Title: Gun, With Occasional Music
Author: Jonathan Lethem
Publisher: Harcourt Brace & Company
ISBN: 0-15-136458-3
Price: $19.95
Reviewed By: Dwight Brown

The detective novel is about order. In the best examples, like Raymond Chandler or Dashiell Hammett, the detective's central quest is to maintain order. Sometimes this requires destroying the existing order and rebuilding from scratch, as in Hammett's Red Harvest. Sometimes, the order that the detective is trying to maintain isn't particularly pleasant, like George Alec Effinger's Marid Audran novels, or requires him to do unpleasant things, as in the ending of Robert Parker's Ceremony. But the best detective novels have someone (besides Rush Limbaugh), who's dedicated to preserving their vision of The Way Things Ought To Be.

However, we have to be convinced by that vision. World-building skills are just as important in detective fiction as they are in science fiction. If we can't believe in the detective's universe, why should we believe in his vision? If we don't care about his universe, why should we care about his struggle for order? Let the damn thing blow itself to shit. Contemporary writers, like Parker or Lawrence Block, may gain some advantage by setting their stories in places that actually exist, but they understand there's more to world-building than saying, "New York, 1975" or "Boston, 1987". Today's SF detective novel in question, Jonathan Lethem's Gun, With Occasional Music, does a lot of things right. As imitation Chandler, the writing works reasonably well--much better, for example, than Parker's imitation Chandler.

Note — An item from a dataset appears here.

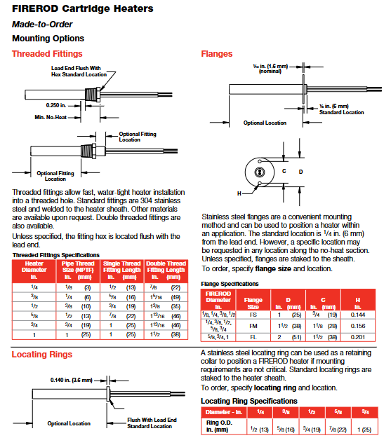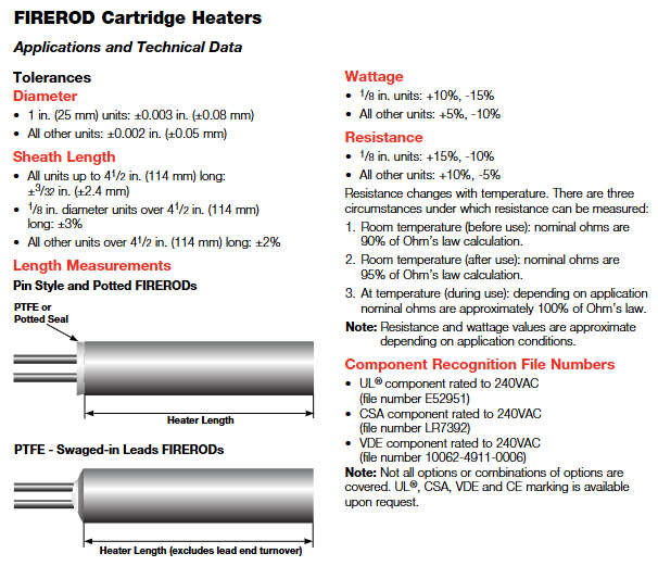 High temperature FIREROD high-temperature working condition specific 1800 ° F (982 ° C) 100 W/in ² (15.5 W/cm ²) sealing design reduces oxidation, high emissivity sheath enhances heat transfer

This is more impressive still given that Lethem chose to tie one hand behind his back in writing dialog, since the asking of questions is strongly discouraged in this particular future (even if you are a "Private Inquisitor" like Lethem's gumshoe Conrad Metcalf), but what dialog there is in Gun is pretty snappy. The plot, though, is straight out of The Big Pop-Up Book Of P.I. Plots and Yummy Fajita Recipies, entry #947: P.I. is hired by man framed for murder to clear his name, even though the case looks hopeless, and spends the rest of the book in conflict with people who have a vested interest in keeping his client in the frame. Yawn.

However, Gun really falls apart in the world building. Accelerated evolution of animals and babies? Okay. Snorting of personal designer blends of pharmaceuticals? Okay. Karma carried around on cards? Okay. Neat science fiction geek elements, to be sure, but there doesn't seem to be any underlying vision of just how these things affect society. Just one of these elements could provide enough extrapolation for a single novel, but Lethem throws them all into the book without rhyme or reason. I suspect this is a first novelist's mistake: Lethem didn't have enough faith in his own (not inconsiderable) ability to write convincing interactions between characters, so he threw in a lot of neat flash and glitter in hopes of distracting his readers.

There's too much glitter and not enough substance. Gun lacks any sense that anything's at stake. Things just happen, seemingly for arbitrary reasons. The only official representatives of order are the staff of the Inquisitor's Office, who appear only as enforcers, not policy makers. There's no sense of any guiding hand, no one to finally appeal to, or even to defeat. Even the "bad" guys in Gun are cyphers, and the ending is confusing and unconvincing.

I wanted to like Gun, With Occasional Music: it was one of the few novels this year I looked forward to reading. But it suffers from a writer who was unsure of himself, and tried to cover for it with SF pyrotechnics. When the smoke cleared, I couldn't recommend Gun: but there's enough good work in it that I still look forward to Lethem's next novel.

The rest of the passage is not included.